Corriere della Sera, 14 marzo 2026
«L’Italia tratta con l’Iran su Hormuz». Roma smentisce.
Alcuni Paesi europei tra i quali la Francia avrebbero aperto discussioni con Teheran in cerca di un accordo per permettere alle loro navi un passaggio sicuro attraverso lo stretto di Hormuz, bloccato di fatto dall’Iran. Lo ha scritto ieri il Financial Times citando due fonti, una delle quali avrebbe aggiunto che anche l’Italia ha fatto tentativi in questa direzione.
Secca smentita dall’Italia, mentre a Parigi l’Eliseo, il Quai d’Orsay (il ministero degli Esteri) e anche la Difesa francese hanno preferito non rilasciare commenti ufficiali, senza confermare né smentire. La Francia in questi giorni non ha mancato di criticare l’attacco di Stati Uniti e Israele, e la scorsa settimana Emmanuel Macron ha chiamato il presidente iraniano Masoud Pezeshkian chiedendogli di «assicurare la libertà di navigazione nello Stretto».
Donald Trump ieri ha invitato le petroliere ad attraversarlo lo stesso e a «mostrare un po’ di coraggio» perché «non c’è nulla da temere. Non hanno una marina e noi abbiamo affondato tutte le loro navi», ma l’atteggiamento degli europei resta molto più cauto. Nei giorni scorsi Macron ha dispiegato nella regione una missione navale senza precedenti (otto navi) guidata dalla portaerei Charles de Gaulle, ma ha precisato che l’obiettivo di scortare le petroliere è realizzabile solo in futuro, una volta che l’Iran non minaccerà più la navigazione con i missili.
Francia, Italia e Grecia partecipano già alla missione europea Aspides nel Mar Rosso e quello è il modello che potrebbe ispirare un analogo intervento nello stretto di Hormuz. Ma Parigi ha sottolineato anche ieri, dopo l’attacco nel Kurdistan iracheno che ha provocato la morte del soldato Arnaud Frion, che la presenza francese nella regione resta «strettamente difensiva».
Per passare nello stretto di Hormuz senza che la mossa venga interpretata come una sfida o una partecipazione alla guerra, per adesso è necessario l’accordo di Teheran e questo sarebbe il senso dei contatti citati dal Financial Times. Ma fonti francesi indicano che gli sforzi diplomatici sono volti soprattutto a creare la coalizione con partner europei, il Canada, l’India e i Paesi del Golfo, per scortare le navi una volta che la guerra sarà finita, più che negoziare con l’Iran un passaggio sicuro a conflitto ancora in corso.
Il governo italiano smentisce invece senza esitazioni la ricostruzione secondo cui Roma insieme a Parigi avrebbe aperto dei canali di dialogo con l’Iran per cercare di garantire la libera circolazione navale nello stretto di Hormuz. Interpellate dal Corriere, sia fonti di Palazzo Chigi che del nostro ministero degli Esteri, e in aggiunta fonti dei nostri apparati di sicurezza, smentiscono categoricamente che siano stati presi contatti di alcun tipo, esclusivi, con le autorità iraniane.

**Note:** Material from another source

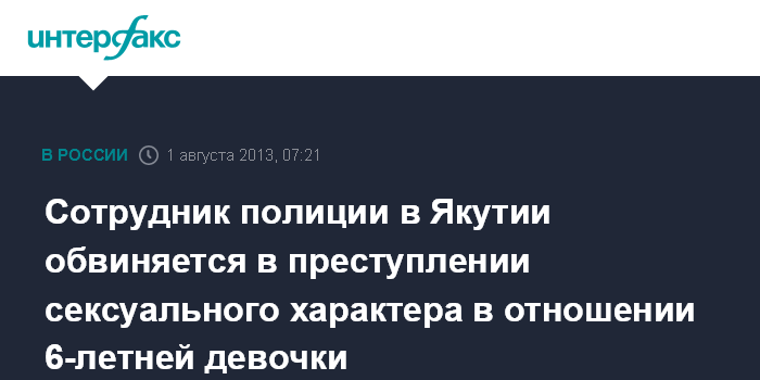 Якутск. 1 августа. ИНТЕРФАКС-ДАЛЬНИЙ ВОСТОК - Следователи возбудили уголовное дело против сотрудника полиции, который обвиняется в совершении преступления сексуального характера в отношении несовершеннолетней, сообщает в четверг пресс-служба СУ СК РФ по Якутии.

Quanto pubblicato, viene rimarcato da tutte le fonti, «non è vero».
Questo però non significa, precisano ancora fonti del governo, che la presidenza del Consiglio non si stia muovendo insieme agli alleati del G7, o insieme alle altre capitali dell’Unione europea, per cercare di trovare uno strumento di rafforzamento militare per garantire la circolazione dei commerci nello stretto di Hormuz.
Un’attività diplomatica che è allo stato embrionale, vista la complessità della situazione della crisi, e che in caso viene svolta alla luce del sole, e in continuo e stretto coordinamento sia con gli Stati Uniti, sia con Israele, sia con la Turchia e con i principali attori regionali, ovvero i Paesi del Golfo Persico. Insomma, nessun tipo di canale riservato, o confidenziale, aperto all’insaputa di altri attori, con le autorità iraniane.
La premier Giorgia Meloni, in una nota, ribadisce che «l’Italia resta fermamente impegnata nel promuovere un allentamento della tensione». E in serata il ministro degli Affari esteri Antonio Tajani sottolinea che «non stiamo trattando con l’Iran per fare passare navi italiane da Hormuz». «L’Italia va avanti per la de-escalation, spingendo per un accordo tra le parti che porti al blocco della realizzazione dell’arma atomica da parte dell’Iran».